First because it may return NA, second because it does not give the number of allowed cores"
We advise specifying the number of cores directly, using the
NSLOTS
UGE variable:
library(parallel); cluster <- makeCluster(as.integer(Sys.getenv('NSLOTS', '1')))
Serial job¶
Here is an example job running on 2 cores and 4GB total memory:
#!/bin/bash
#$ -cwd
#$ -j y
#$ -pe smp 2
#$ -l h_rt=1:0:0
#$ -l h_vmem=2G
module load R
Rscript myscript.R
Using Rscript
within Apocrita jobs
When running R jobs on Apocrita, use Rscript
to submit a file containing
R commands; R output will be written to the stdout
and stderror
streams.
Additional R Packages¶
Additional packages can be installed to extend the capabilities of R; packages are stored in libraries.

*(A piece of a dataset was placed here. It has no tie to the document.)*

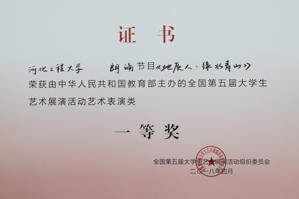 4月16日至4月21日,全国第五届大学生艺术展演活动在上海市举行。校党委常委曹庆奎带队参加活动。由学生工作部和地球科学与工程学院共同策划的朗诵作品《地质人·绿水青山》(指导教师:孙国栋、李翔、李漠)获全国一等奖和优秀创作奖,实现了我省高校在该奖项上零的突破。此外,大学生合唱团展演作品《将相和》《Colorado Trail》获声乐甲组三等奖,九州登录再获优秀组织奖。
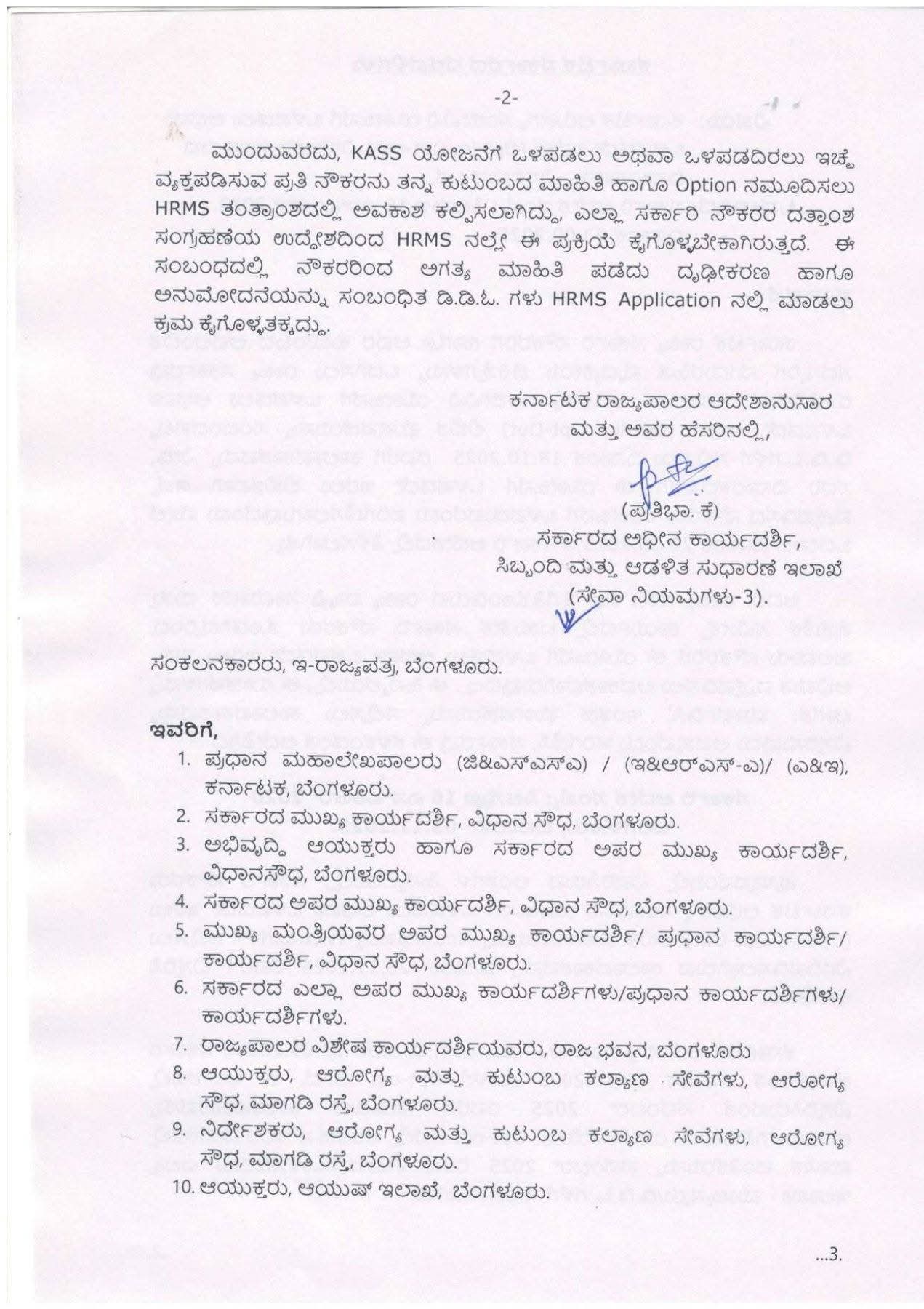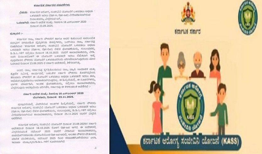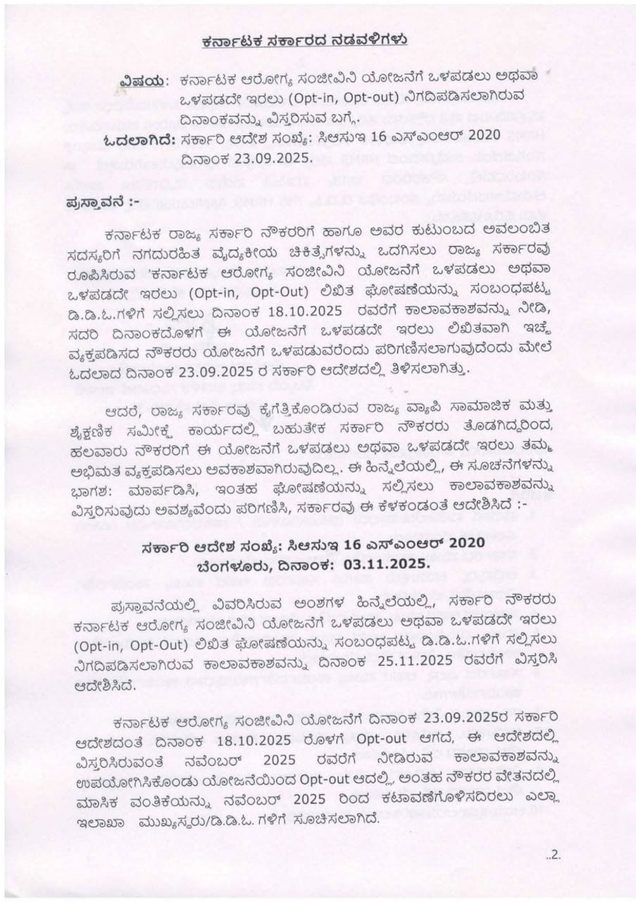 ಪ್ರಸ್ತಾವನೆಯಲ್ಲಿ ವಿವರಿಸಿರುವ ಅಂಶಗಳ ಹಿನ್ನೆಲೆಯಲ್ಲಿ, ಸರ್ಕಾರಿ ನೌಕರರು ಕರ್ನಾಟಕ ಆರೋಗ್ಯ ಸಂಜೀವಿನಿ ಯೋಜನೆಗೆ ಒಳಪಡಲು ಅಥವಾ ಒಳಪಡದೇ ಇರಲು (Opt-in, Opt-out) ಲಿಖಿತ ಘೋಷಣೆಯನ್ನು ಸಂಬಂಧಪಟ್ಟ ಡಿ.ಡಿ.ಓ.ಗಳಿಗೆ ಸಲ್ಲಿಸಲು ನಿಗದಿಪಡಿಸಲಾಗಿರುವ ಕಾಲಾವಕಾಶವನ್ನು ದಿನಾಂಕ 25.11.2025 ರವರೆಗೆ ವಿಸ್ತರಿಸಿ ಆದೇಶಿಸಿದೆ.

To display the list of active libraries, execute:
> .libPaths()
[1] "/share/apps/centos7/R/<VERSION>/lib64/R/library"
To display the list of currently loaded packages (including default packages), execute:
> (.packages())
[1] "stats" "graphics" "grDevices" "utils" "datasets" "methods"
[7] "base"
To display all packages available in the currently loaded libraries, execute:
> .packages(all.available = TRUE)
[1] "base" "boot" "class" "cluster" "codetools"
[6] "compiler" "datasets" "foreign" "graphics" "grDevices"
...
To install additional R packages, execute:
> install.packages("<package_name>")
Packages which are not included in the R main library will be added to the personal library.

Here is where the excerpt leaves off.